Over the past couple of years we had a number of students who knew Minerva was their first choice and were anxious to know if they were accepted sooner than the wait times involved in the traditional cycle (apply in January, find out in April). So we offer an option to students who commit to coming to Minerva if they are accepted that they will receive an answer within three weeks no matter when they apply. If you know that Minerva is the right place for you, the binding option can help you be done with your college search early if you qualify and relieve the anxiety and pressure of waiting to find out in any case.
What are you most proud of? What are you least proud of?
I don't really believe in pride so much. I sense it about others (the Jewish concept of Nachat) such as when I see my daughter do something particularly kind for her sister but I don't really feel like I should be given credit for it. There are many things that I wish I didn't do in the past--almost all based on language I use when talking to people. One of the reasons almost half of our first year curriculum is about communicating and interacting with others is because I have seen in my life how the intent of what I was saying was meaningless in comparison to negative impact it caused by the way I said it. It's taken me years to work on how to communicate more effectively and I have a long road ahead of me still.
What was the hardest decision you made as Governor of Nebraska?
If I were THAT Ben Nelson then getting Minerva off the ground would have been that much easier!
Sorry this is so basic: where do you want Minerva to be in 5 years? Anddd, am I missing something? Are you a former governor of Nebraska?
Minerva has a very long time frame and view point. I don't know if it will be in five years, ten years, twenty or longer but at some point I see Minerva as the model of higher education that will set the standard for other institutions to emulate or try and improve upon.
On the other Ben Nelson, I just share a name with the former governor of Nebraska (no relation).
/u/minervaschools Do you offer scholarships or financial aide?
Minerva is one of only seven American institutions that is universally need-blind and meets needs of applicants. For more on how we implement need-blind admissions see answer above.
You ever think of going to him and asking for some help since you are name twins?

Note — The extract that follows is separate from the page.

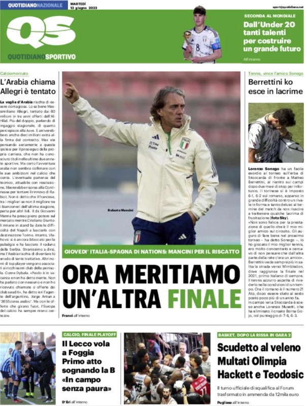 Ecco le prime pagine dei maggiori quotidiani sportivi nazionali, in edicola questa mattina.

I've never met him but his predecessor, Bob Kerrey, has been instrumental in Minerva's journey.
What types of things can students get up to in San Francisco? Berlin? They're so different!
The benefit of Minerva's global rotation is that all of our locations are so different from one another. Because each city is also a vibrant, diverse hub of activity there is a limitless number of opportunities for students in each location.
Hello! Hope everything's going great on your end.
Considering that there are a number of ways one can gauge the grit and intelligence of a student, why does a formal academic performance play such a large role in admissions? Could this somehow be counterproductive in your quest to reform undergraduate education?
A more fun question -- If tomorrow you could wake up in the body of someone else (living or dead), who would it be, and what would you do? (assumption: you are able to select the age of the individual, and gain access to their past and present thoughts)
Ahhh I hope this gets in. What advice do you have for people hoping to apply to Minerva? What about college in general? Also, if I were to apply but not get in... then what? Could I apply the following year? So many qs!!! Thanks!
Take the application process seriously, rest well before you take your challenges and make sure to be detailed and thorough in answering your accomplishments. If you don't get in, work on pursuing your passion, demonstrate progress and apply again the following year. About a quarter of our students transfer to Minerva from other universities.